Metropolitan Museum Enhances Online Access to Its Collections with Google Goggles

The Metropolitan Museum of Art announced today that it is collaborating with Google to allow users to search the Web via pictures they take on their mobile phones, to increase access to information online about its encyclopedic collections. Beginning this week, image-based searches on Google Goggles for works of art in the Met’s collections—whether from reproductions in books, posters, or postcards, for example, or in the galleries themselves—will produce direct links to extensive information about works of art on metmuseum.org, the Museum’s website.

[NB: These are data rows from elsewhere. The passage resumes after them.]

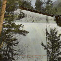 Unused colour printed postcard of Bull River Electric Light and Power Company's flume and spillway at Aberfelde Dam near Bull River, BC.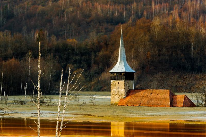The church of Geamăna was built in the first half of the 18th century and is decorated with paintings inside. Today, only the church tower is visible. The village of Geamăna lies 100 metres below the surface of a lake which contains the highly toxic ore dumps of the copper mine of Roșia Poieni, active since 1977.
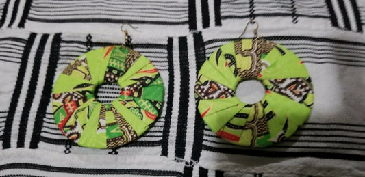 Lime Green MultiAfrican Print Round Earrings $5

Thomas P. Campbell, Director and CEO of the Metropolitan Museum, said: “The Met’s collaboration with Google presents a unique opportunity to unite image-based searches of the Met’s collections with the scholarship and rich interpretive materials we make available online about our works of art. Anyone with a smartphone who is interested in learning more about a work of art from the Metropolitan Museum will be able to do so easily and directly. This represents a milestone in our efforts to provide greater access to the Museum’s holdings for a global audience.”

More than 76,000 works of art from the Met’s collections are currently recognizable when searching with Google Goggles, including works from the Museum’s significant holdings of American art, Asian art, photographs, drawings and prints, European paintings, and Islamic art. Sculptures and other objects that Google’s technology is not optimized to recognize were not included in the Met’s participation; the Museum also excluded works under copyright.

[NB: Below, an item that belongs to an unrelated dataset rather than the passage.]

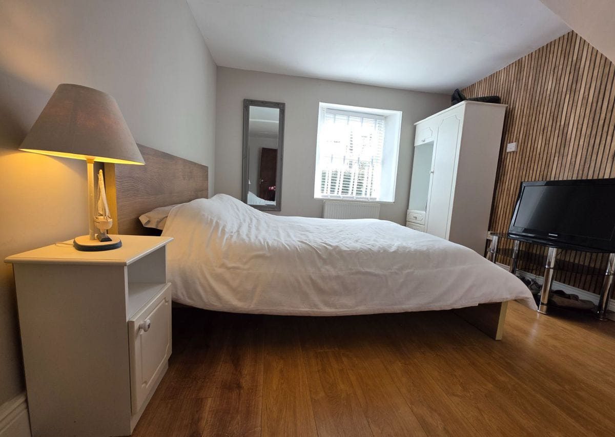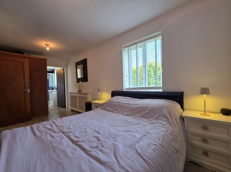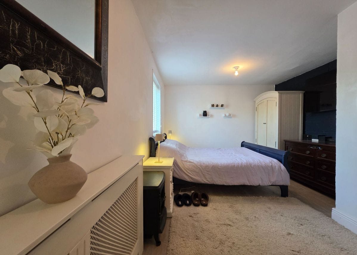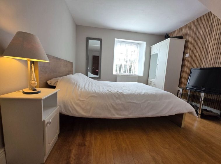 Bedroom B: Approx 3.55m x 3.28m: Situated to the front of the home, it again would accommodate a super king bed or twin beds, with wood effect flooring.

"Google Goggles represents a powerful new way for users to interact with visual information,” said Shailesh Nalawadi, Product Manager of Google Goggles. “We’re excited that Google has been able to work with the Met to improve online access to its renowned collections, and we hope people around the world will use it to gain a deeper appreciation of art.”

Google Goggles uses machine vision technology to try to match portions of any photo submitted by a user against Google’s corpus of images. When a match is found, search terms relevant to the matched image are presented, and when a match is not found, similar images (based on texture and color) from the image search database are suggested. Google’s database currently includes more than 76,000 works of art from the Met’s collections that have been provided by the Museum, a number that will increase in the months ahead. A total of more than 340,000 of the Museum’s works of art are now generally accessible on metmuseum.org, including all works currently on view in the galleries.

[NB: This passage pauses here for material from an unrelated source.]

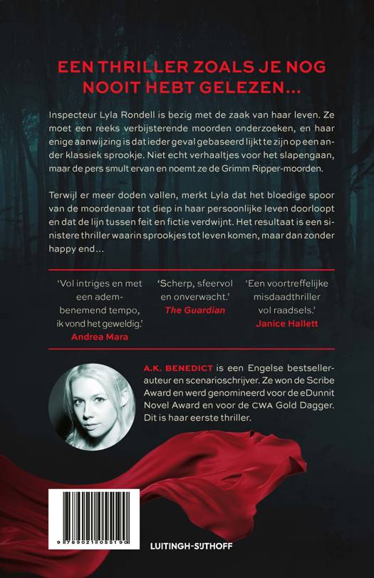 A.K. Benedicts Zo alleen, zo alleen is een 'er was eens' zoals je dat nog nooit hebt gelezen. Er was eens, in een land niet ver van hier, een moordenaar geïnspireerd door sprookjes, op zoek naar bloederig vertier… Rechercheur Lyla Rondell is bezig met de zaak van haar leven. Ze moet een reeks verbijsterende moorden onderzoeken, en haar enige aanwijzing is dat ieder geval gebaseerd lijkt te zijn op een klassiek sprookje. Ze lijken in niks op verhaaltjes voor het slapengaan en de pers vermaakt zich met wat ze de Grimm Ripper-moorden noemen. Maar terwijl de lijken zich opstapelen, kan Lyla's hele wereld op ieder moment instorten. Het bloedige spoor van de moordenaar loopt tot diep in haar persoonlijke leven, en wanneer Lyla wordt geconfronteerd met het feit dat alles wat ze weet fictie blijkt te zijn, zal ze heel creatief moeten worden als ze het hoofdstuk van de moorden wil afsluiten…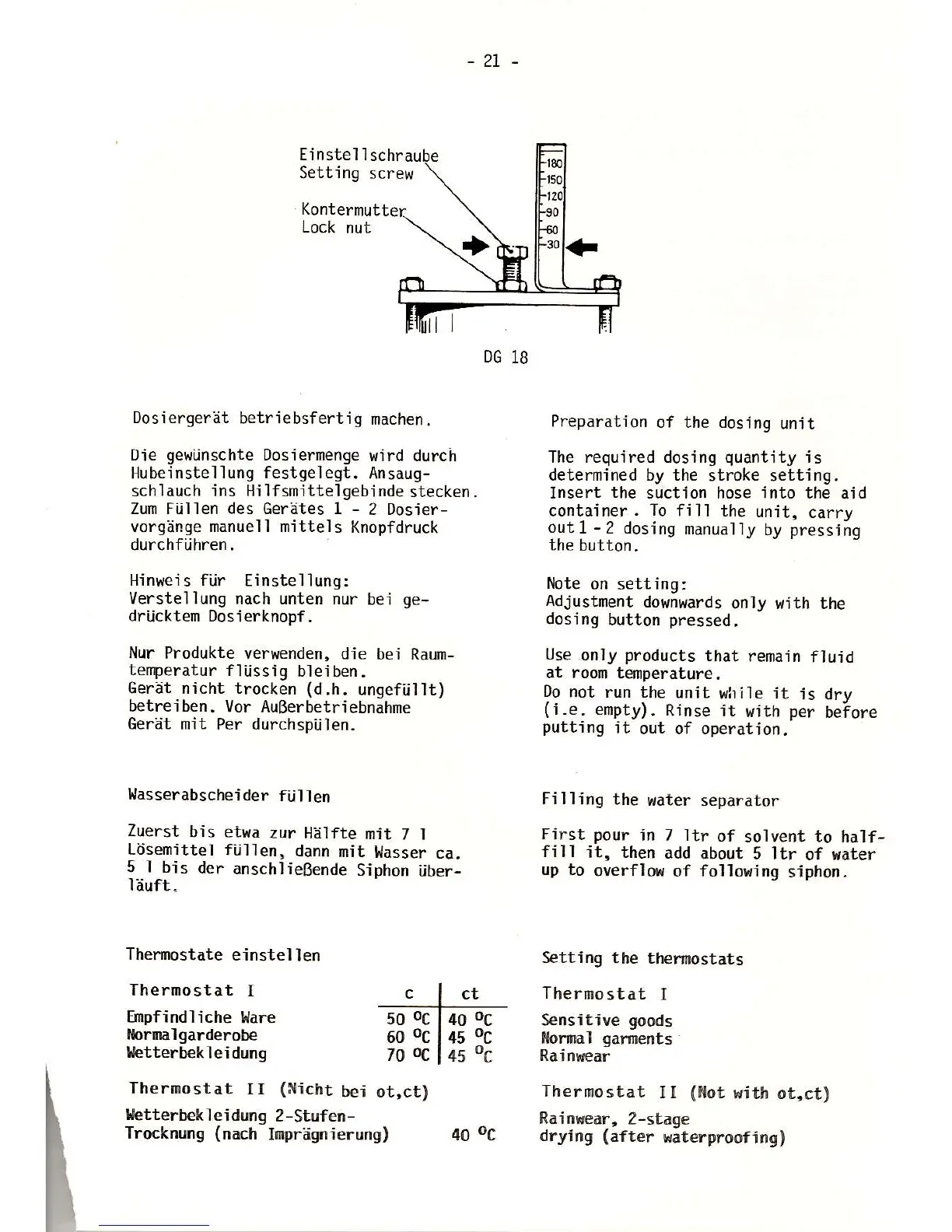 BÖWE P414 - Preparaton of the Dosing Unit; Filling the Water Separator; Setting the Thermostats

The Metropolitan Museum is in the process of carrying out a program—for both its main building at Fifth Avenue and 82nd Street, and The Cloisters museum and gardens, its branch for medieval art and architecture in upper Manhattan—to provide wireless access throughout all of its public areas, which are situated within many interconnecting wings and building structures. This initiative is part of a larger effort to enhance the visitor experience within the buildings, and to provide seamless access to information about its collections. Wireless coverage is already available in several areas, including the recently opened New Galleries for the Art of the Arab Lands, Turkey, Iran, Central Asia, and Later South Asia, and throughout the American Wing (including the New American Wing Galleries for Paintings Sculpture, and Decorative Arts, opening in January 2012), allowing visitors the opportunity to use Goggles to obtain more information from the Met’s website about the works of art on view.

According to Erin Coburn, Chief Officer of Digital Media at the Metropolitan Museum: “This continuation of our broad efforts to enhance visitors’ experience through digital media builds upon the recent launch of the mobile-optimized version of the Met’s new website. Now, using Goggles, visitors can simply take a picture of a work of art with their mobile device and then link to the mobile version of metmuseum.org to learn more about the work. It is a totally integrated experience.”


Google Goggles is currently available for Android devices running Android 2.1 and above, and for iPhone 3GS and iPhone 4 devices with the Google Search App.